3. Implment Reward Function for Dataset

For each dataset, we need to implement a reward function or utilize a reward model to compute the rewards for the generated responses. We already pre-implemented some reward functions in reward_score directory.

Currently, we support reward functions for GSM8k and MATH datasets. For RLHF datasets (e.g., full_hh_rlhf) and Code Generation (e.g., APPS), we utilize reward model and SandBox (will opensource soon) for evaluation respectively.

3.1. RewardManager

In the entrypoint of the PPO Post-Training script main_ppo.py, we implement a RewardManager that utilze pre-implemented reward functions to compute the scores for each response.

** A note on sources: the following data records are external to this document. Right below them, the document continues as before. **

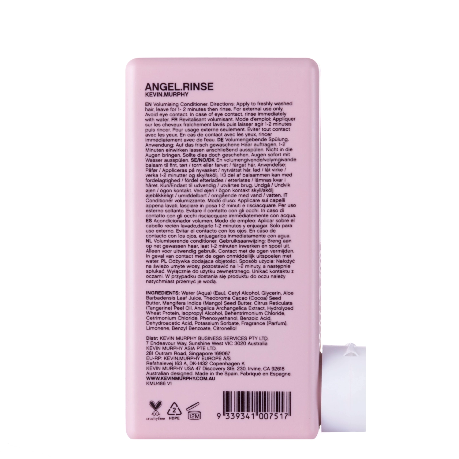 Kevin Murphy - Angel Rinse - kondicionér dodáva objem a posilňuje vlasy zničené farbením a stylingom. Obsahuje mangové maslo, ktoré zlepšuje pružnosť vlasov, kakaové maslo, ktoré chráni pred stratou vlhkosti a pred účinkami vonkajších vplyvov, šťavu z aloe vera, ktorá hydratuje vlasy a upokojuje podráždenú pokožku hlavy a hydrolyzát pšeničného proteínu, ktorý regeneruje a minimalizuje elektrizovanie vlasov. Kondicionér dodáva vlasom objem a zanecháva ich mäkké.
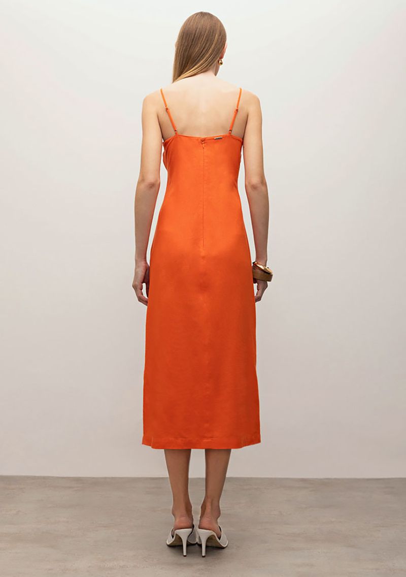 OUTLETColeçõesVestidosVestido Iódice Midi Decote Reto Com Franzido Laranja
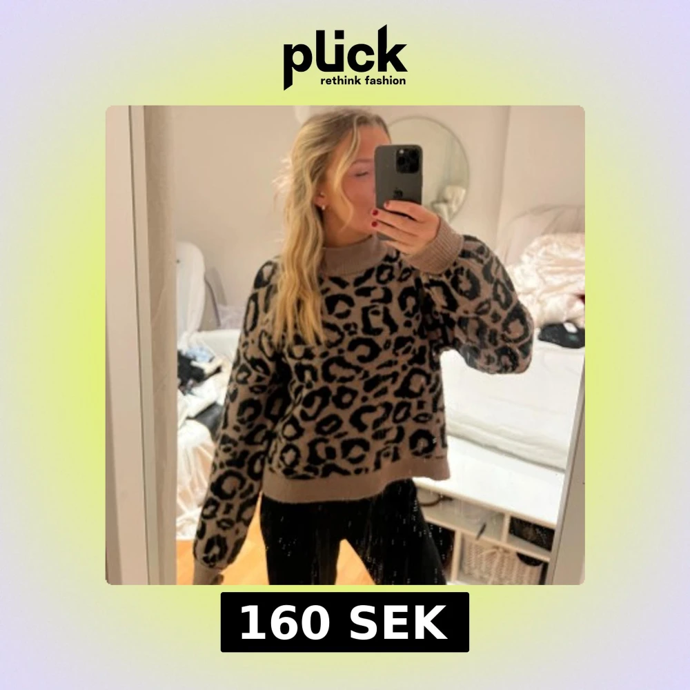 Säljer en snygg beige stickad tröja med leopardmönster. Tröjan har långa ärmar och ribbade muddar vid ärmslut och nederkant. 🐆✨
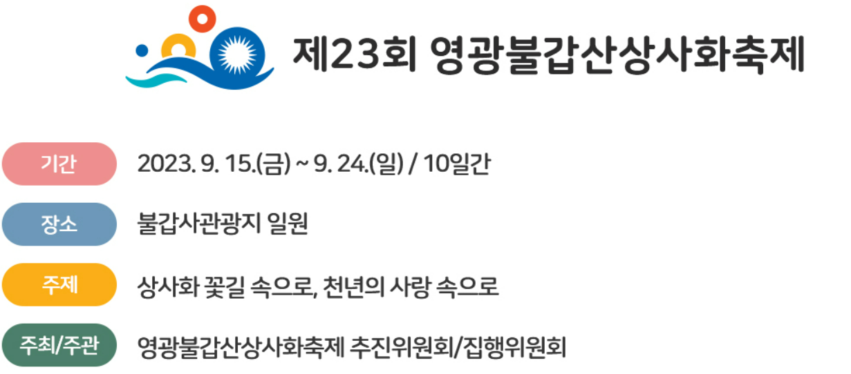 대한민국 대표 가을 꽃 축제로 영광9경 중 하나인 영광군 불갑산에서 개최, 다양한 전시, 체험 프로그램을 준비하고 있는 상사화축제
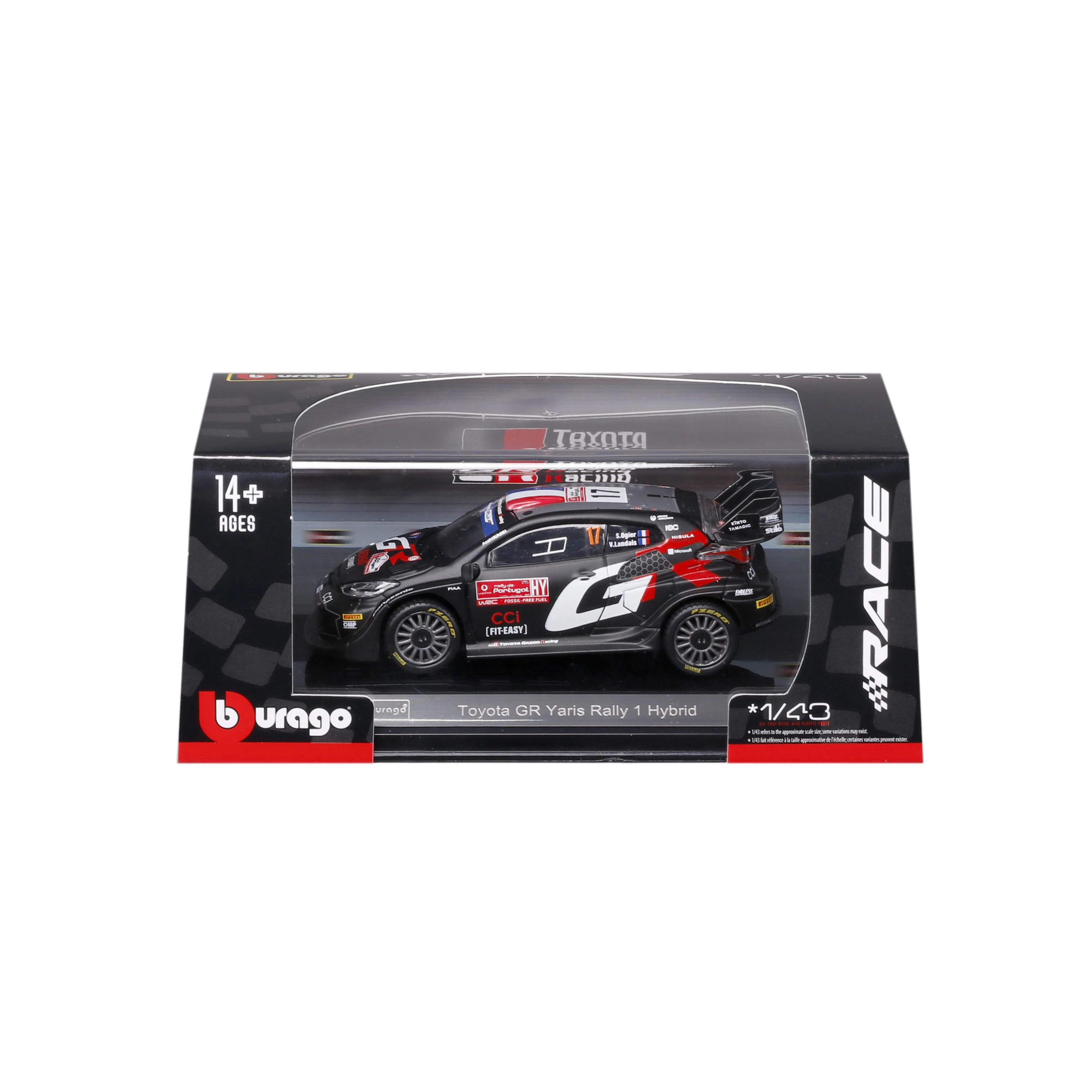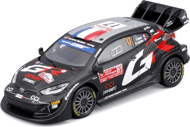 Questo modello in metallo realizzato con cura rappresenta la vettura da competizione TOYOTA GR Yaris Rally1 Hybrid #17 nella livrea dei piloti TOYOTA GAZOO Racing. Si distingue per linee affilate, stampa fedele degli sponsor e dettagli funzionali come ruote realistiche e grande alettone posteriore.
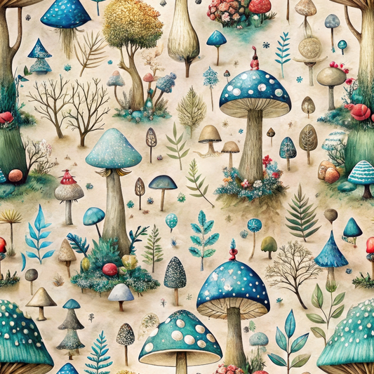 Mushroom Fairyland Pattern 1 Quilting Cotton Fabric
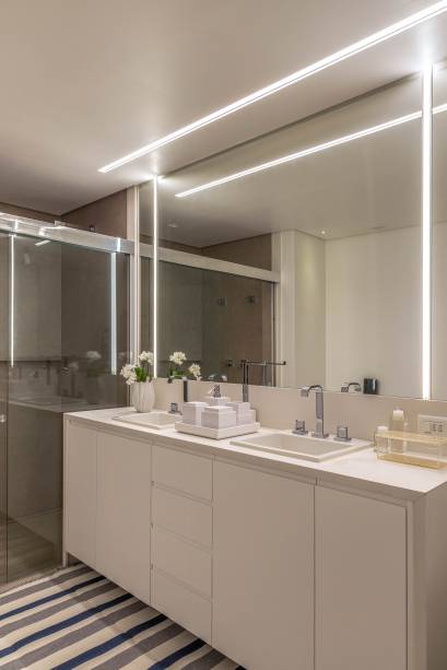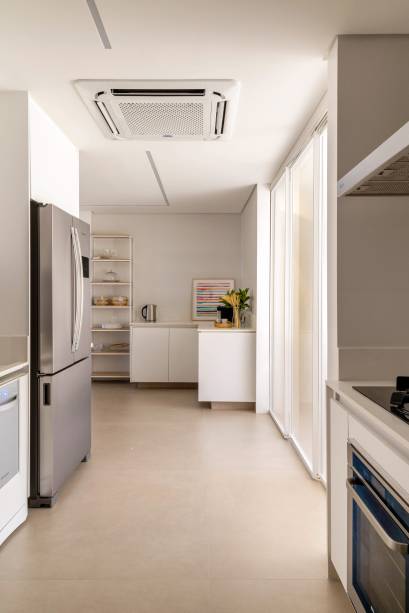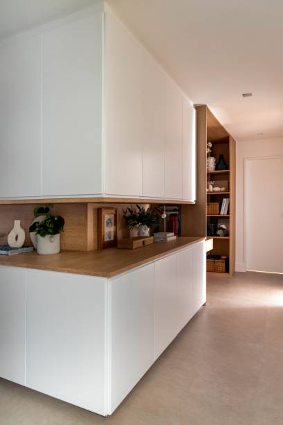 “Era importante que os dois filhos tivessem banheiro no quarto, e não apenas um, como na planta original”, informa Alessandra. Para criar o espaço da copa solicitado pelos moradores e ampliar ainda mais a cozinha, o antigo louceiro e a despensa também foram redimensionados.

In the RewardManager, we implemented a __call__ function to compute the score for each response. All the reward functions are executed by compute_score_fn. The input is a DataProto, which includes:

  • input_ids, attention_mask: input_ids and attention_mask after applying chat_template, including prompt and response

  • responses: response tokens

  • ground_truth: The ground truth string of the current prompt. Stored in non_tensor_batch in the DataProto, which should be preprocessed in the parquet files.

  • data_source: The dataset name of the current prompt. Stored in non_tensor_batch in the DataProto, which should be preprocessed in the parquet files.

After detokenize the responses, the responses string and the ground truth string will be input to the compute_score_fn to compute the score for each response.

3.2. Reward Functions

We already pre-implemented some reward functions in reward_score directory.

  • In the GSM8k example, we force the response to output the final answer after four ####, then use string matching to compare with the ground truth. If completely correct, score 1 point; if the format is correct, score 0.1 points; if the format is incorrect, score 0 points.

  • In the MATH example, we follow the implementation in lm-evaluation-harness repository.